Clinical Associate Professor and nurse scientist Susan DeSanto-Madeya is helping fellow nurses at Beth Israel Deaconess Medical Center (BIDMC) in Boston answer—with research. Whether she’s mentoring colleagues at the bedside or teaching students in the classroom at the Connell School of Nursing (CSON), DeSanto-Madeya wants current and future nurses to pay closer attention to nursing science, to turn their hunches

into questions and investigations, and to gather evidence that enhances nursing practice. “Nursing research is about making sure patients and families are receiving care that enhances their quality of life, despite illness,” says DeSanto-Madeya, who has a joint appointment as the Beth Israel Hospital Nurses’ Alumnae Association Endowed Nurse Scientist at BIDMC. “It’s about advancing our knowledge.

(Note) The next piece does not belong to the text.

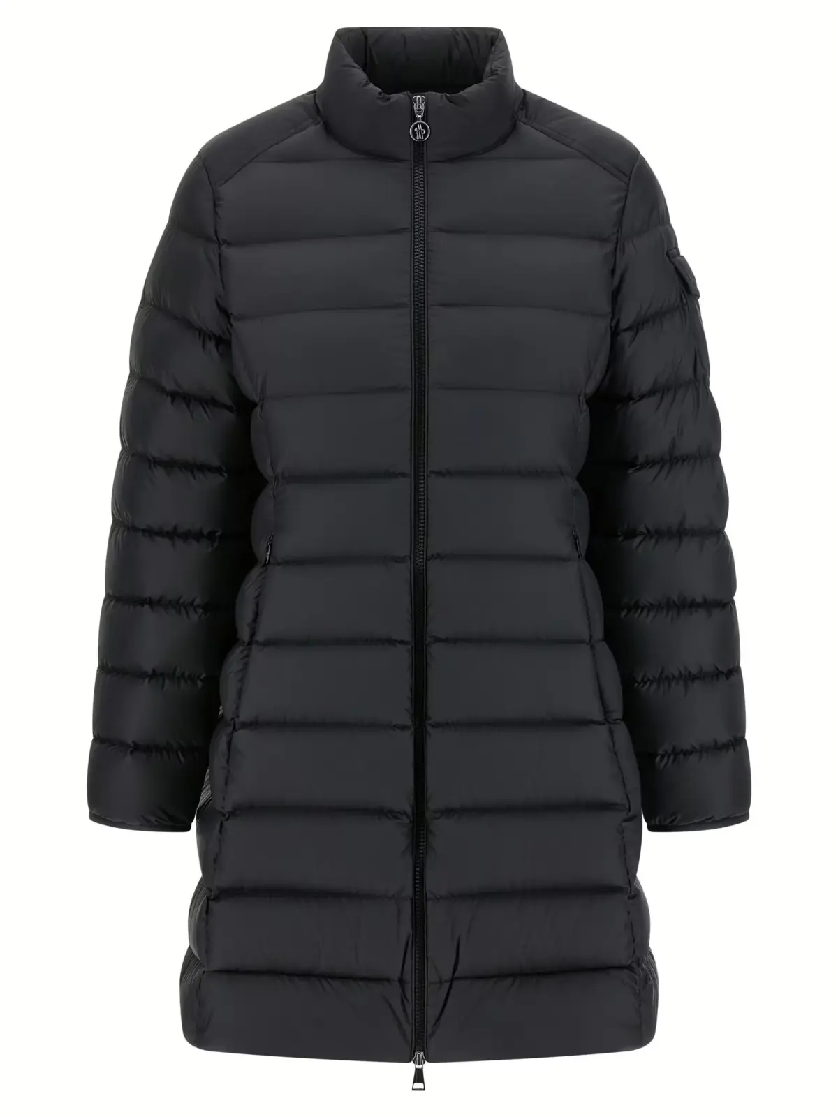 Чорний пуховик із мікрофібри з матовою фактурою та наповнювачем із гусиного пуху поєднує інноваційний дизайн із бездоганною якістю. Витончена розкльошена силуетність, високий комір і функціональні деталі створюють елегантний образ, що підкреслює статус і універсальність у будь-яких умовах.

Nurses bring unique qualities and knowledge to the patient care area.” While many CSON faculty pursue their research interests at health-care organizations, DeSanto-Madeya is one of a half-dozen scholars, mentors, and teachers working in formal collaborations between the Connell School and some of greater Boston’s most renowned hospitals. Bridging the gap between bedside and classroom, they help hospital nurses design, execute, and document studies; produce results that demonstrably affect care; and share what they’ve learned. “They can come back to campus and give ‘Yesterday, when I was in the hospital’ examples to students,” says CSON Dean Susan Gennaro. “And to the hospital nurses they can say, ‘One of my students brought in this article on the same topic that we’re interested in.’ It goes both ways.” “They’re in these hospitals,” Gennaro adds, “because we are all committed to improving health care in the United States.”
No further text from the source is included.